On the other hand, Israel’s water resources have been strained beyond their capacity. Israel’s largest freshwater source, the Coastal Aquifer, was already over-pumped and saline by the 1950’s, and pollutants— both in the form of nitrates from fertilizers and effluents and chemicals from industrial waste-dumping—have severely lowered the qualities of numerous rivers in Israel, such as the Yarkon and Kishon rivers. The Jordan River and Dead Sea are steadily drying up due to water diversion upstream, and, regardless of all its utilizations of water for development, Israel’s current water allocations are approximately 500 cubic meters per capita. This is sadly short of the internationally recommended 1,000 cubic meters, and below which a country is considered to have “water stress.”

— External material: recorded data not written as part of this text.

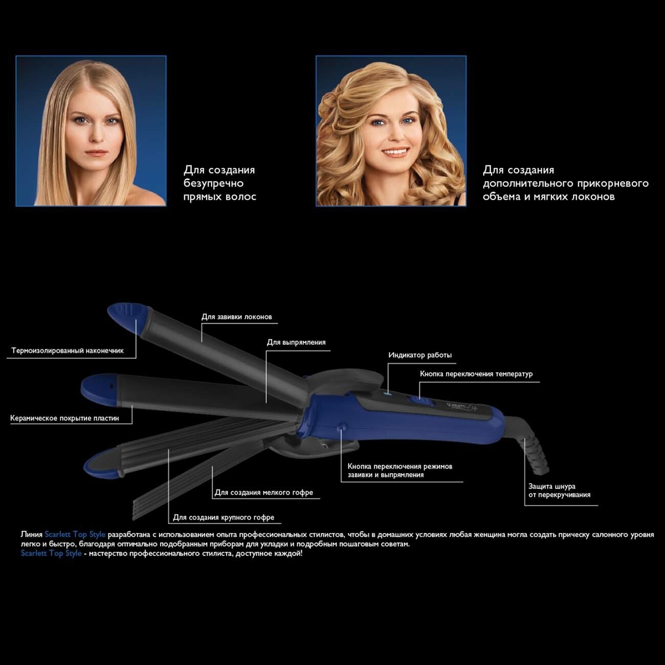 С мультистайлером Scarlett создавать новый образ можно хоть каждый день. Устройство соединяет в себе щипцы для завивки локонов, плойку для выпрямления и гофре для создания объёма и затейливых волн.
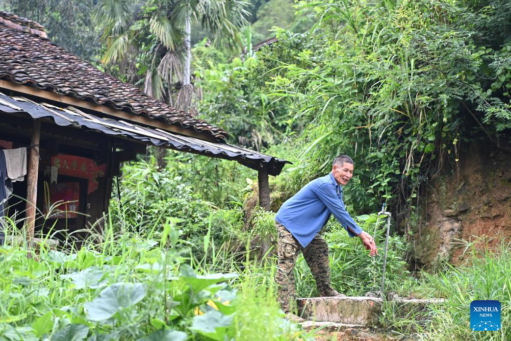 A villager washes hands in front of his wooden Ganlan building in Pingliu Village of Longlin County in south China's Guangxi Zhuang Autonomous Region, July 31, 2024. Pingliu Village, spanning a history of over 200 years, is a Zhuang ethnic-minority hamlet that borders neighboring provinces of Yunnan and Guizhou. Among the well preserved traditions and costumes of the local Zhuang ethnic minority group, the local housing facility, Ganlan building, a stilt wood-structured residential architecture, is most distinctive.
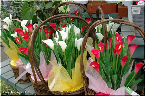 サトイモ科い特徴的な仏炎苞がクッキリとして、とても美しいイメージです。 「これは何かな?」 カイウ(海芋)とも呼ぶそうですが、カラーという名前が一般化していますね。 別名のアエティオピカは主要な属(オランダカイウ属)の名前です。 でも、下欄のような幾つかの属で構成されていると考えた方が良さそうです。 現在まで、8つの属が確認されているそうです。 元来はミズバショウのような湿地性植物です。 鉢植えで育てるには、それなりの工夫が必要かも知れませんね。 葉にも多彩な変化があって、鑑賞価値があると思います。 (ちょろっと、蘊蓄) ● 学名 : "Zantedeschia aethiopica" (オランダカイウ) ● "Zantedeschia elliottiana" (キバナカイウ) ● "Zantedeschia rehmannii" (モモイロカイウ) ● 原産 : 南アフリカ ● 分類 : サトイモ科オランダカイウ属 仏炎苞(仏焔苞)は花序を保護するために発達した変態葉です。 これが特別に大きな組織として発達したがサトイミ科でしょう。 内側にある棒状の花序をジックリ見ますと、これはこれで愛嬌があります。 カラーは色(color)でも、襟(collar)でもなく、美(calla、ギリシャ語由来)です。 実のところ、長い間、襟だと思っていました。 学生服の詰め襟カラー(服飾付属品)をイメージさせますよね (^.^) 。 ウェディングブーケやフラワーアレンジメントに利用される人気者です。 ナイル川に多く生育して「ナイルのユリ(lily of the Nile)」と呼ばれるとか。 なかなか趣がありますねぇ。
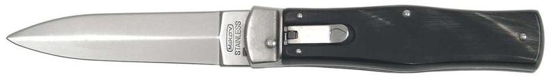 Vyskakovací automatický nôž Mikov 241-NR-1/KP Predator má čepeľ z ocele 420. Rukoväť je vyrobená z byvolieho parohu. Dá sa otvoriť jednou rukou, možno ho vyrobiť pre ľavákov a dodáva sa s koženým puzdrom.

The need for livable conditions, as well as enforcement laxity regarding pollutant-dumping, certainly account for the exacerbation of water resources. In addition, the eco-romantic foundations of the State, as well as the early Zionists’ European-influenced aesthetic view, which longed for lush forests rather than desert, has meant that Israel promotes the image and welfare of the farmer, to the point of allocating the vast majority of its hydrological resources toward agriculture.
During the 1950’s, when imminent famine and a food embargo threatened the fledgling State, this mindset was understandable. However, Israel currently uses approximately 63% of its water for agricultural purposes, according to the World Resources Institute; yet, as of 2002, only 2% of the population worked as farmers and produce comprised only 5% of the GDP.
Israel has had some environmental achievements in recent years, among them the growth of environmental activist groups in the 1990’s and the restoration of the Hula Valley, an area that had been drained in the 1950’s. Indeed, in the water arena, innovations such as drip irrigation—which allows farmers to minimize the amount of water used for crop irrigation—wastewater treatment and recycling, and desalination efforts, have all served as examples for the international science community.
However, the question is simply whether these achievements are enough, especially in the case of water. While conservation efforts have helped, Israel may find itself with depleted water resources much sooner than anticipated if efforts remain within the framework of an unquestioned focus on agriculture. What is needed, in fact, may be a paradigm shift.
Zionism of the 20th century was visionary, idealistic, and, fundamentally, pragmatic—the inspirational words of Herzl coupled with overnight settlements, military barricades, and the urgent need for water transport in order to develop and hold the southern half of the country. Historical Zionism’s errors are understandable and excusable, since it was the Zionism of survival. The next decades of Israel’s history, however, might see a shift in the direction of reform—whether in the realm of social justice, economics, education, or environmental awareness. Making the paradigm shift from an agriculture-focused water policy to a more conservative and sustainable one could be a mark of a paradigm shift not only in environmental concerns, but in Zionist ideologies as well.
Meira Levinson was an Environmental Studies and English major at University of Pennsylvania, where she also earned an MA in English Literature. She wrote her thesis on Israel’s hydrological development, and hopes to one day live there and enjoy extremely short showers.